- [What is expected] Shown below is a listing with pictures; reproduce exactly, and only, the lines between the ones containing "Add a touch" and "mnl9 months agoSee", inclusive, leaving the pictures out.

- [Supplied entries]
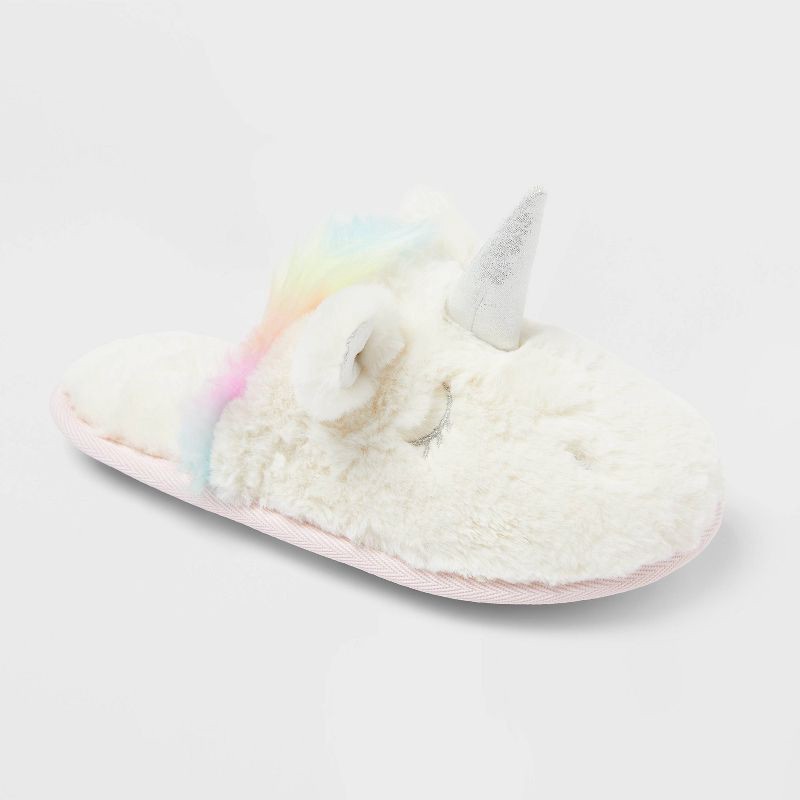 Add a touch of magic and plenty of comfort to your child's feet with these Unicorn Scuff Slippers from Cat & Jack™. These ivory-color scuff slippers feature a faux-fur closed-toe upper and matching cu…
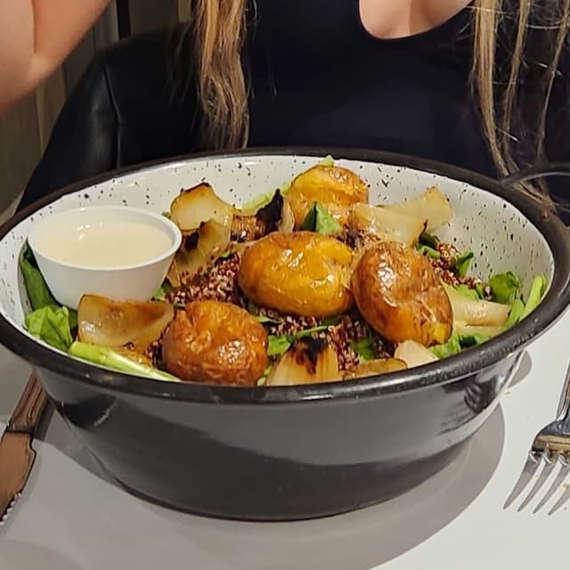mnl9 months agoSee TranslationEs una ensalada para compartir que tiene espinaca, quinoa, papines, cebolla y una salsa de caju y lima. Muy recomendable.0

...

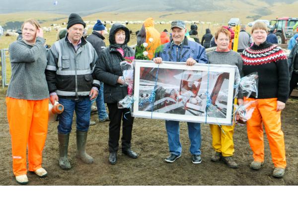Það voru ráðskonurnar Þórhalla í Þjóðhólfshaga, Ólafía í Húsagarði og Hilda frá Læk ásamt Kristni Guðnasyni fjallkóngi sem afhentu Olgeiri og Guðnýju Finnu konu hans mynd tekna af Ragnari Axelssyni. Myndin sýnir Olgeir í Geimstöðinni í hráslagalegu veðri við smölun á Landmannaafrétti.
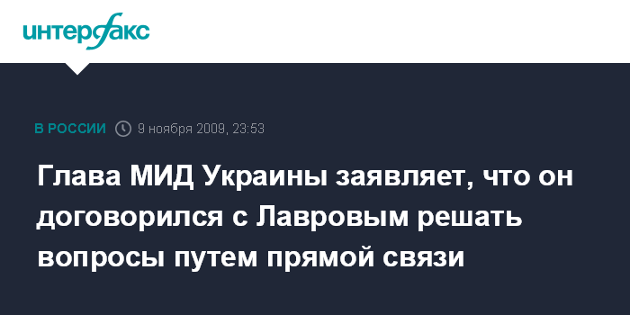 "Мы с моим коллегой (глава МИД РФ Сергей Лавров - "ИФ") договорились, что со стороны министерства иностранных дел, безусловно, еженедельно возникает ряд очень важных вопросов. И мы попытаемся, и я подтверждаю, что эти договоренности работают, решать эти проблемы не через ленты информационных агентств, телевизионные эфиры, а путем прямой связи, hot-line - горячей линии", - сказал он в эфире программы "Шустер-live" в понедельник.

==

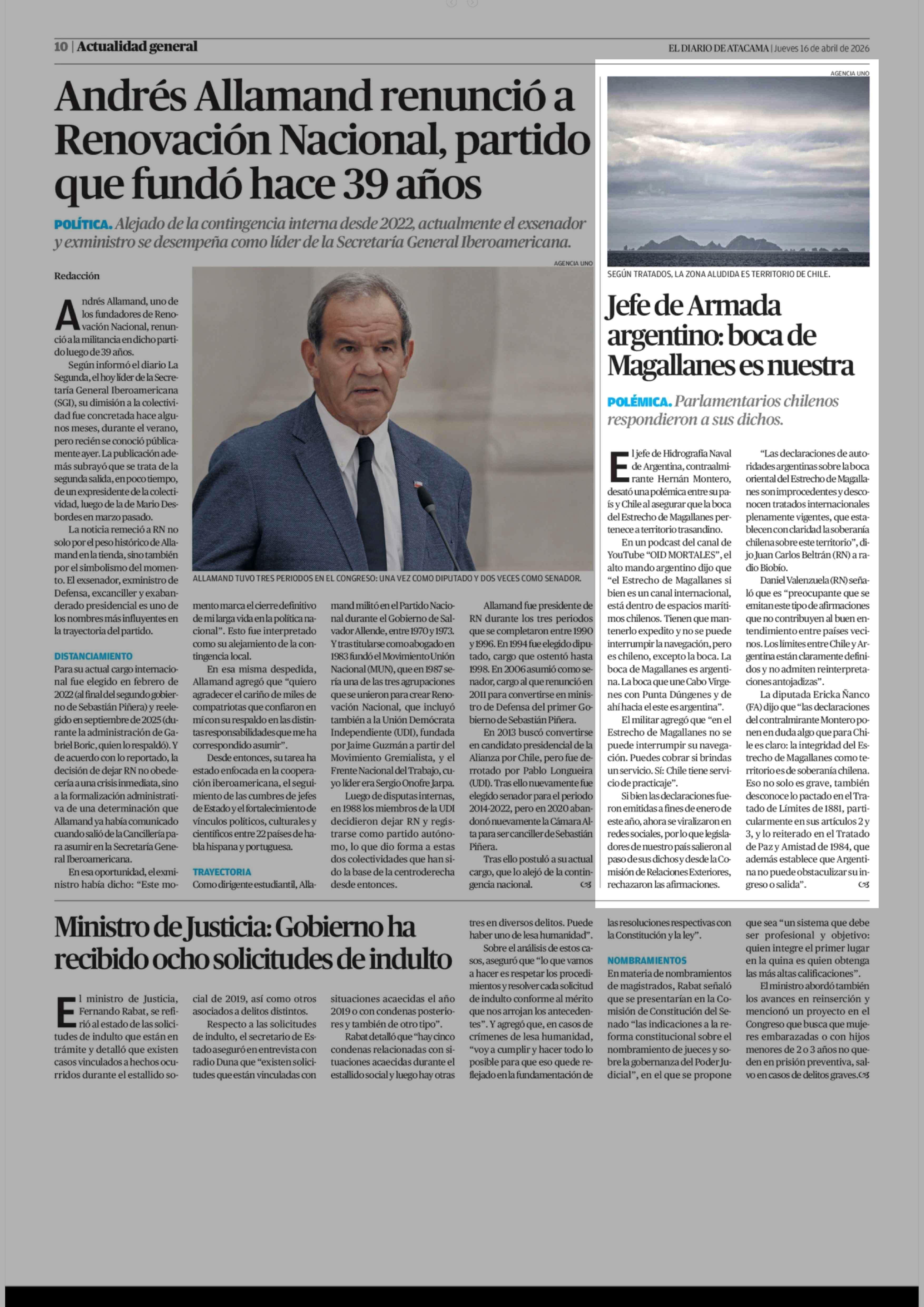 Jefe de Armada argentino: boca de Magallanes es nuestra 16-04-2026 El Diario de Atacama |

- [Answer section]
 Add a touch of magic and plenty of comfort to your child's feet with these Unicorn Scuff Slippers from Cat & Jack™. These ivory-color scuff slippers feature a faux-fur closed-toe upper and matching cu…
mnl9 months agoSee TranslationEs una ensalada para compartir que tiene espinaca, quinoa, papines, cebolla y una salsa de caju y lima. Muy recomendable.0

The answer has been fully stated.